**THE PROBLEM**
Restate each of the lines below word for word and drop every picture.

**GIVEN MATERIAL**

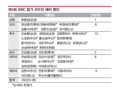 내년 3월 월드베이스볼클래식(WBC)에 참가하는 대표팀 선수 28명의 예비 명단이 추려졌다. WBC 사령탑을 맡은 류중일(49) 삼성 감독과 김인식(65) 위원장 등 한국야구위원회(KBO) 기술위원회는 아시아시리즈 기간 예비 엔트리에 대한 합의를 마치고 12일 KBO를 통해 이를 발표했다. 최종 명단(28명)은 11월30일 확정해 대회 주최측인 WBCI에 통보하지만 부상 선수는 추후 교체가 가능하다. JTBC는 15일 예선라운드 경기를 시작으로 이 대회를 독점 중계한다.
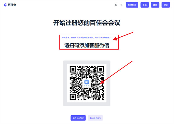 3、如果想直接进行续费,可直接点击右上角【付费购买】轻松就能进行购物,并开启流畅的会议聊天;
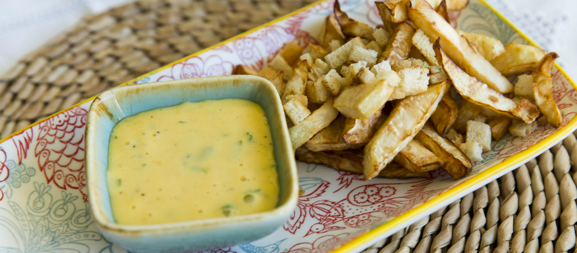 Vágjuk a zellert 8 cm hosszú szálakra, melegítsük fel a sütőolajat. Verjük habosra a tojássárgáját mustárral, citrommal és petrezselyemmel. Sütőben megsütjük a lereszelt száraz kenyeret kis citromhéjjal és fokhagymával. A zellert elősütjük 4 percig 160 fokos olajban. Lecsöpögtetjük, kihűtjük. Másodszor 190 fokon aranyszínűre sütjük. Majonézzel és ropogós zsemlechipsszel és krutonnal megszórva tálaljuk.

**REPLY**
 내년 3월 월드베이스볼클래식(WBC)에 참가하는 대표팀 선수 28명의 예비 명단이 추려졌다. WBC 사령탑을 맡은 류중일(49) 삼성 감독과 김인식(65) 위원장 등 한국야구위원회(KBO) 기술위원회는 아시아시리즈 기간 예비 엔트리에 대한 합의를 마치고 12일 KBO를 통해 이를 발표했다. 최종 명단(28명)은 11월30일 확정해 대회 주최측인 WBCI에 통보하지만 부상 선수는 추후 교체가 가능하다. JTBC는 15일 예선라운드 경기를 시작으로 이 대회를 독점 중계한다.
 3、如果想直接进行续费,可直接点击右上角【付费购买】轻松就能进行购物,并开启流畅的会议聊天;
 Vágjuk a zellert 8 cm hosszú szálakra, melegítsük fel a sütőolajat. Verjük habosra a tojássárgáját mustárral, citrommal és petrezselyemmel. Sütőben megsütjük a lereszelt száraz kenyeret kis citromhéjjal és fokhagymával. A zellert elősütjük 4 percig 160 fokos olajban. Lecsöpögtetjük, kihűtjük. Másodszor 190 fokon aranyszínűre sütjük. Majonézzel és ropogós zsemlechipsszel és krutonnal megszórva tálaljuk.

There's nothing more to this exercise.